In recent years, peace processes — such as the track 2 intra-Afghan negotiations — have shown that on both a moral and practical level, women’s inclusion is essential. Women’s involvement in peace processes increases their likelihood of success and longevity and can increase legitimacy. While more literature on women contributing to mediation and negotiation efforts is slowly being produced, little attention is currently being paid to the already existing work of women who employ their faith and mobilize religious resources for peacebuilding.

Anecdotes from the field suggest that religious women have found some success negotiating with violent groups in conflict zones around the world. Through negotiation and mediation, these women seem to play a role in local agreements and fragile peace deals achieved through formal processes. Their moral calling and the trusted role that religious women play in their community may be part of what makes their work effective.

Women wearing scarves in honor of  Trujillo Massacre
Photo credit: PBI Colombia

These women’s successes can inform peace practices elsewhere. USIP’s religion and inclusive societies team is working with local researchers, in partnership with the International Center for Religion and Diplomacy and the Network of Religious and Traditional Peacemakers, to document and analyze cases of religious women negotiating on the front lines. In this project we seek to:

  • Develop a curriculum and peer-to-peer training methodology informed by evidence-based research which will identify which arguments have been most effective in engaging with armed groups to build peace.
  • Support women who engage in peacebuilding with armed groups through piloting curriculum and training methodology,
  • Inform the international and donor communities on ways to develop inclusive peace processes and programming that are more contextually relevant and effective by understanding women’s successful techniques.

There are three phases to this project that will allow us to accomplish the goals of developing a curriculum, supporting women negotiators and informing the international community.
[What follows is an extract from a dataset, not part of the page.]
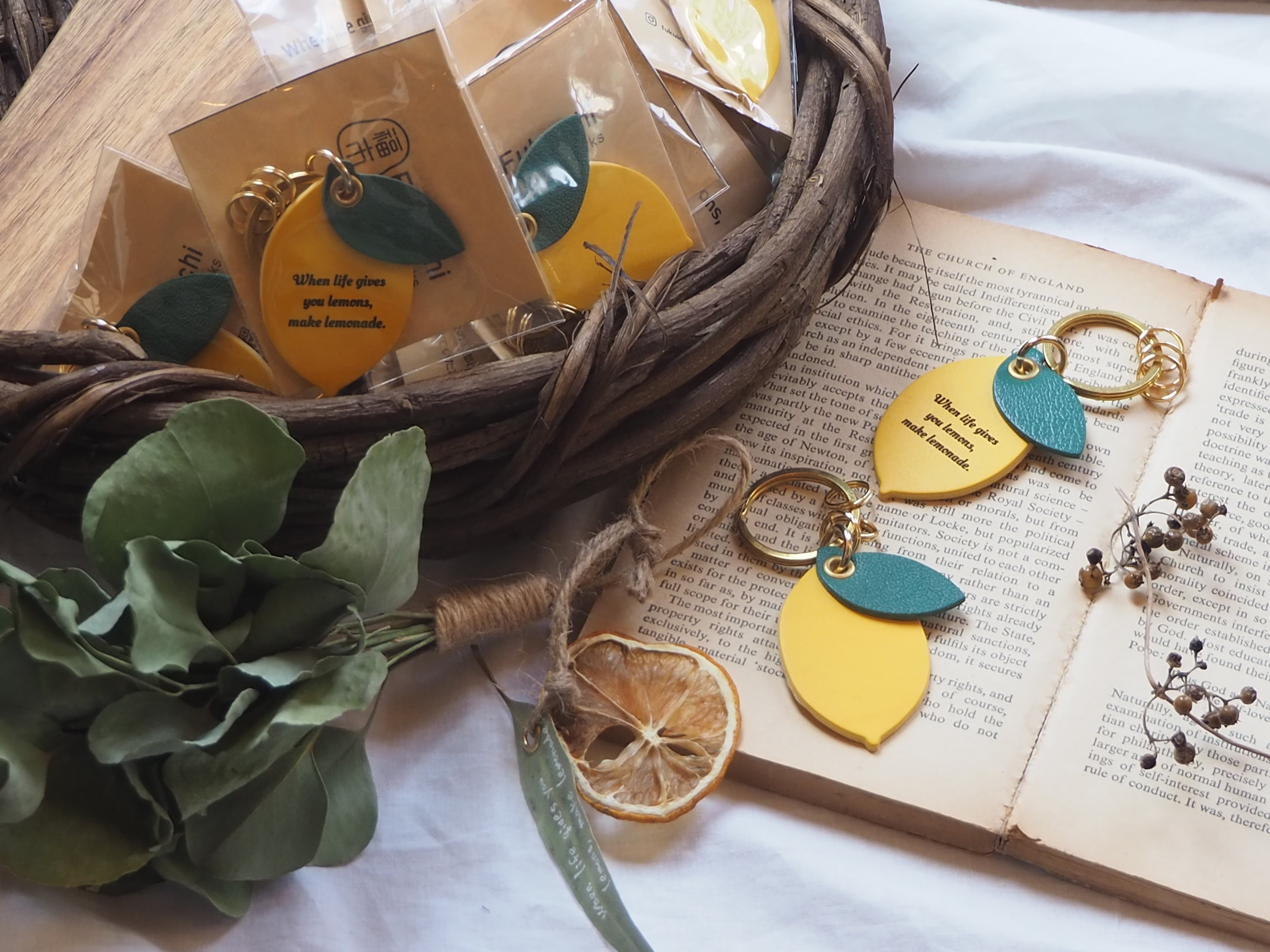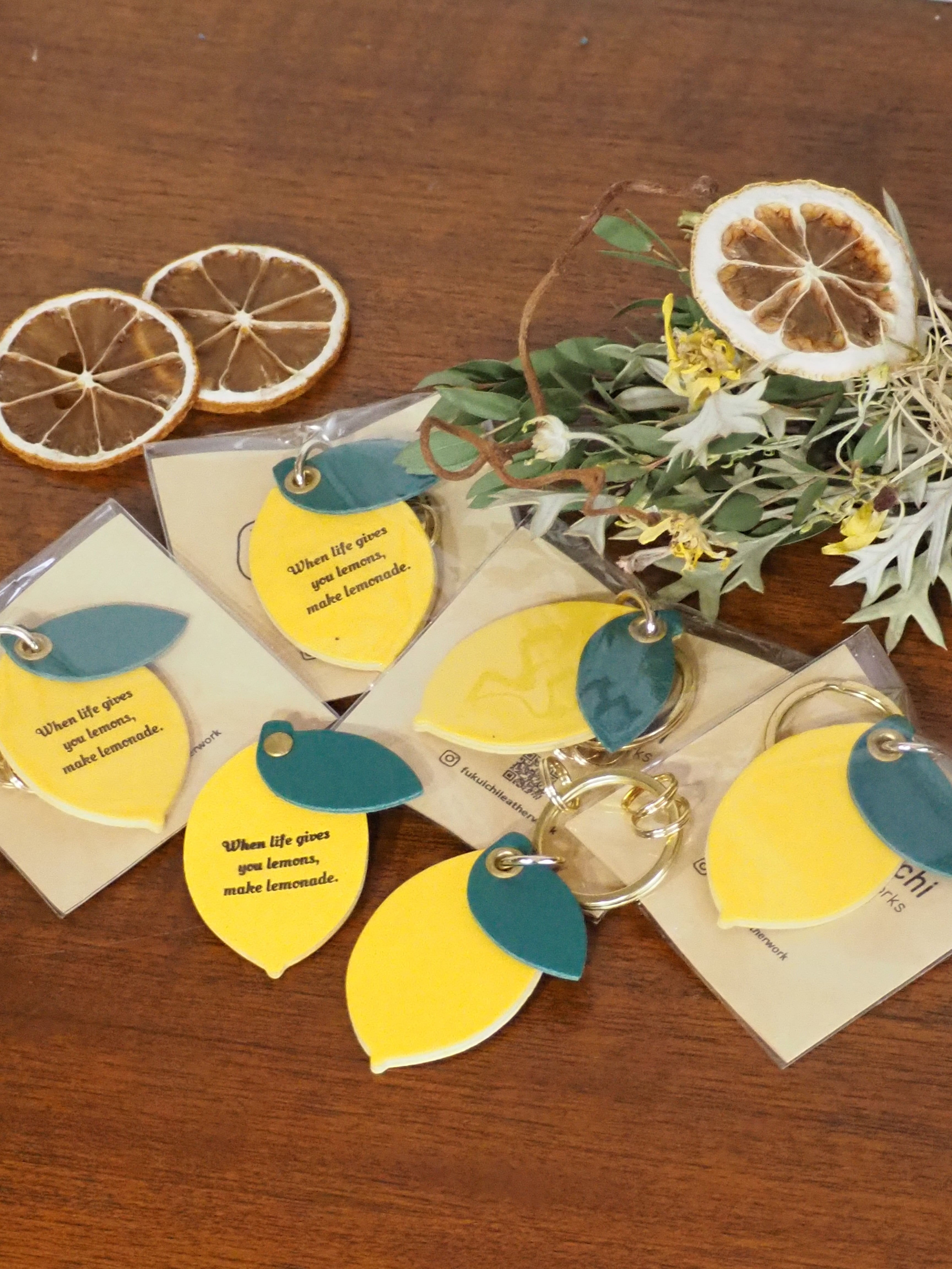 そんな前向きなメッセージを込めた、レモンのレザーキーホルダーです。

We are seeking funding and partners for phases two and three, as we have completed phase one of our research as of July 2021.

Phase 1 – Documentation of Case Studies

We have documented case studies from around the world to identify effective tactics and strategies that religious women employ in negotiating with armed groups. These studies will be featured on USIP’s website and will also be collected into a larger book covering the topic of religious women negotiating. The cases we have examined cover Afghanistan, Libya, Syria, Myanmar, Nigeria, Kenya, the Philippines, Northern Ireland, Yemen and Colombia.

Several initial findings from this research include:   

  • Religious institutions, language and symbols seem to open doors before actual negotiations begin.
  • The access and legitimacy these women have within their communities enable them to work in areas others cannot.
  • These women participate in mediation, facilitation and negotiation activities and do not clearly differentiate between techniques, using them interchangeably.

Phase 2 – Development of Curriculum

In this phase, we seek to develop a curriculum based on case studies, research and findings. This curriculum will be based on the lessons learned in the case studies, especially regarding religious women’s direct engagement, their specific strategies (including the type of language they use), the resources they draw on and perceptions of their credibility and moral authority.

Phase 3 - Capacity Building

We seek to train women who are involved in negotiations at local and national levels to apply the curriculum and peer-to-peer training methodology. With the support of partners, we will transform the curriculum into a pilot training-of-trainers so that it can be implemented as peer-to-peer learning. This phase aims to enhance mentorship and communication strategies through connecting women to local and national leaders, media outlets and each other so that they may more effectively contribute to inclusive and sustainable peacebuilding.